The calculator

[HSE]

Hi Rui!

Have you thinked in symbolic solution of partial derivatives?

For example:     

             input box=> [a+b*x^c]'

             solution box1=> der.a =1
             solution box2=> der.b =x^c
             solution box3=> der.c = b*c*x^(c-1)  <- this, at least partially, explain Rui smile
             solution box3=> der.c = b*x^c* ln(x)      <- I think!
                                                                                    (more easy remember Rui calculator
                                                                                      that this things)

Regards, HSE

[RuiLoureiro]

 
Hi HSE,
       Thanks for your post.
       The answer is NO. I have no time now to do it
       and my main computer is not working.
       It needs to be repaired.
       Meanwhile, we can see that the calculator
       solves [3+5.34^x]' =ln(5.34)*5.34^x
       but doesn't solve [3+2*5.34^x]'= Expression error.
       So, i need to do some more work about derivatives because
       it doesn't solve some cases yet.

      Note: The calculator uses x or X as the variable (not a,b or c)

Regards  :t
Rui

[RuiLoureiro]

Hi HSE,
       First of all, thanks for your question about partial derivatives.
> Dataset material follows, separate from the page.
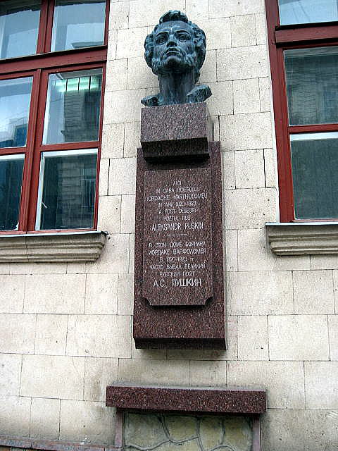 | ロシア短訪・総目次に戻る ・像 青銅の騎士像 プーシキン像 ◆サンクトペテルブルグ(Saint Petersburg) サンクトペテルブルク歴史地区と関連建造物群 ![]() ◆プーシキン像 ![]() 現在のサンクトペテルブルグ中心部 出典:ワールド航空サ^-ビス アレクサンドル・セルゲーヴィチ・プーシキン(1799年6月6日(旧暦5月26日) - 1837年2月10日(旧暦1月29日))は、ロシアの詩人・作家。ロシア近代文学の嚆矢とされれています。 ![]() プーシキン像 Source:Wikimedlia Commons ![]() プーシキン像 Source:Wikimedlia Commons 生涯 モスクワに出生。父親は由緒ある家柄のロシアの地主貴族。母親の祖父アブラム・ペトロヴィチ・ガンニバルは、ピョートル1世に寵愛された黒人奴隷上がりのエリート軍人でした。おじのワシーリイ・リヴォーヴィチは詩人であり、カラムジンやドミートリエフなどの当時の詩人らがプーシキン家に出入りしていました。 プーシキンは早くから文学に親しみ、また乳母はロシアの民話や民謡に詳しく、彼に影響を与えました。ペテルブルク郊外のツァールスコエ・セロー(現在はプーシキンと呼ばれる)にあったリツェイ(学習院)での公開試験で朗読した自作の詩『ツァールスコエ・セローの思い出』が、デルジャーヴィンに認められます。これを機に、その才能はロシアの文学界に広く知られるところとなりました。1820年、最初の長編詩『ルスラーンとリュドミーラ』を発表。 ![]() Russian poet Alexander Pushkin Source:Wikimedia Creative Commons オレスト・キプレンスキー - http://etextlib.ru/Book/Details/18469, パブリック・ドメイン, リンクによる 次第に政治色を帯びた詩を発表するようになり、文学的急進派の代弁者となって行きました。それを疎んだ政府は、1820年に彼をキシニョフへ送ります。1823年までキシニョフに留まりました。その間、夏にカフカース(コーカサス)とクリミアに旅して長編詩『コーカサスの虜(ロシア語版)』や『バフチサライの泉』を書き、高い評価を得た。1823年にはオデッサに移り住むが、再び政府と衝突し、1824年に両親の住む北ロシア、プスコフ県ミハイロフスコエ村に送られます。 この時期にシェークスピアを愛読し、『ボリス・ゴドゥノフ(英語版)』などの戯曲を書いています。1826年、皇帝ニコライ1世への嘆願が認められてペテルブルクに戻ります。しかし、1825年に起こったデカブリストの蜂起の後の締め付けのために、デカブリスト(十二月党員)に友人をもつプーシキンは、北ロシアにいた時期に書いた『ボリス・ゴドゥノフ』などの詩を発表することが許されず、政府の監視のもと、窮屈な生活を余儀なくされます。 ![]() Pushkin memorial board at Iordake Varfolomey's house Source:Wikimedia Creative Commons By Alexander Murvanidze, CC BY-SA 3.0, Link ニコライの創設した秘密警察である皇帝官房第三課は、長官アレクサンドル・ベンケンドルフ伯爵のもとでプーシキンへの監視を行いました。結婚の前年の1830年には、ボルジノにてロシア初の短篇小説集『ベールキン物語』、叙事詩『コロムナの家』、『ヌーリン伯爵』、韻文小説『エヴゲーニイ・オネーギン』を完成します。 1831年、ナターリア・ゴンチャロワと結婚。プーシキンとナターリアの間には、1832年に小説『アンナ・カレーニナ』のモデルとして知られる長女マリア、1833年に長男アレクサンドル、1835年に次男グリゴリー、1836年に次女ナターリア(孫はゾフィー・フォン・メーレンベルク)の、計2男2女が生まれました。 1833年、オラルとオレンブルクを訪問。 1836年、雑誌『同時代人』を創刊。ニコライ1世の強権的な専制政治の圧政下、検閲や発禁処分など言論への弾圧に反発しました。同年11月、『大尉の娘』を第4号に発表。その後、低位の階級を与えられ帝室への出入りを許されるが、この申し出を、名うての美人で、密かに慕う者が多かったと言われる妻ナターリアを帝室に出入りさせるためのものとして、屈辱と受け取りました。 プーシキンの進歩思想を嫌った宮廷貴族達は、フランス人のジョルジュ・ダンテスをたきつけ、ナターリアに言い寄らせます。やがて、プーシキンは妻に執拗に言い寄るダンテスに決闘を挑み、1837年1月27日、ペテルブルグ北郊のチョールナヤ・レチカで決闘を行いまし。この決闘で受けた傷がもとで、その2日後に息を引き取りました。政治的な騒動を恐れた政府は、親しい者だけを集めて密かに葬儀を執り行いました。遺体はミハイロフスコエ付近のウスペンスキー大聖堂の墓地に埋葬されました。 つづく (エカテリーナ宮殿へ) 総目次に戻る |
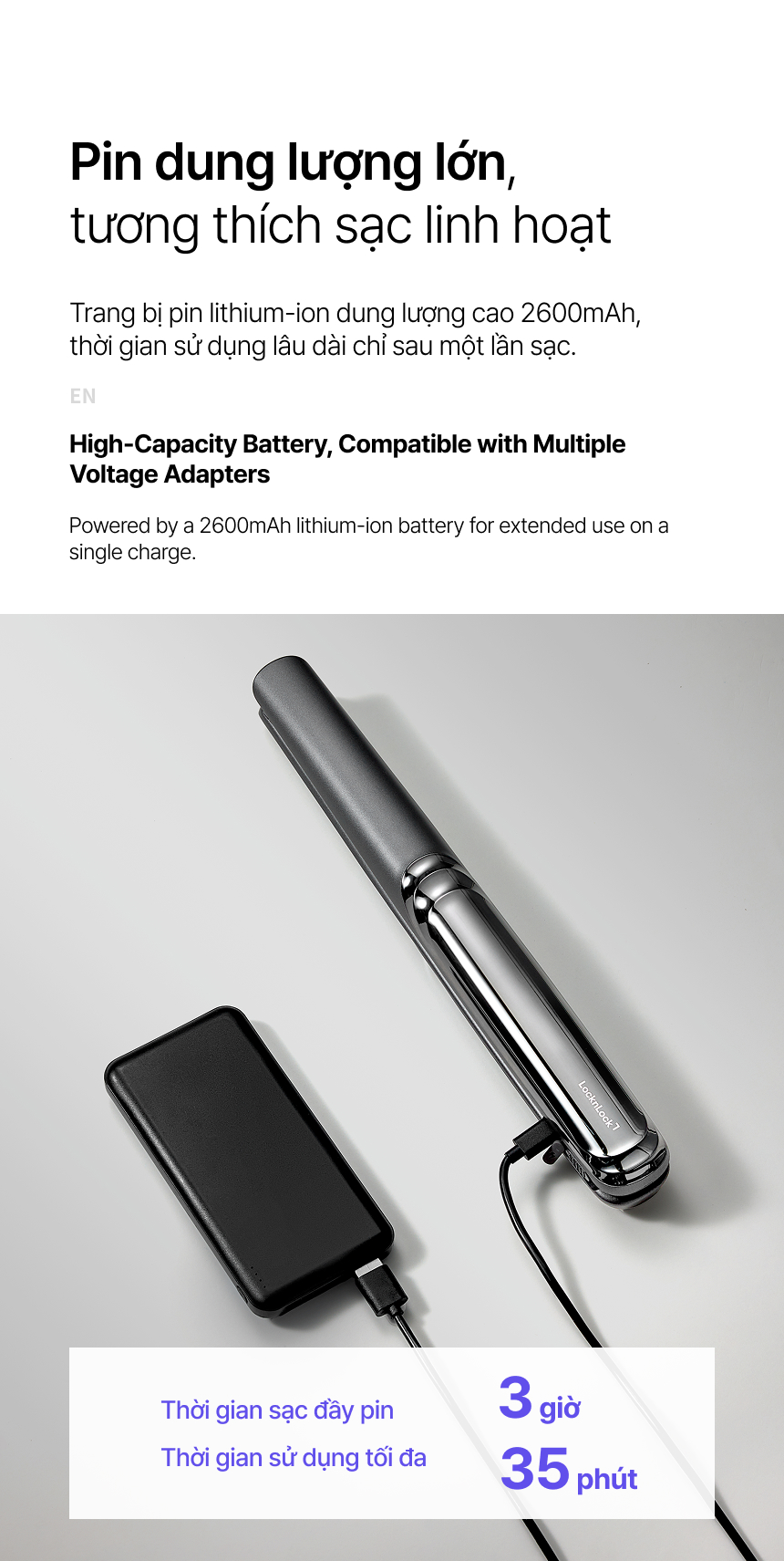 - PIN SẠC LI-ION: Trang bị pin lithium-ion dung lượng cao 2600mAh, thời gian sử dụng lâu dài chỉ sau một lần sạc.

       Now, you need to correct your example because you made an error
       in the third solution.

       In your example, it is given a function of 3 variables a, b and c (x is a constant)

       f(a,b,c)=[a+b*x^c]. And we want the partial derivative of f(a,b,c)

       1.   with respect to the variable a ( which means that b*x^c is a constant );
       2.   with respect to the variable b ( which means that a and x^c are constants );
       3.   with respect to the variable c ( which means that a, b and x are constants ).

       This means that your two first solutions

             solution box1=> der.a =1
             solution box2=> der.b =x^c

       are correct. But the third - solution box3=> der.c =b*c*x^(c-1) -
       is not correct because x^c is not a power function
       but an exponential function g(c)=x^c (c is a variable and x is a constant).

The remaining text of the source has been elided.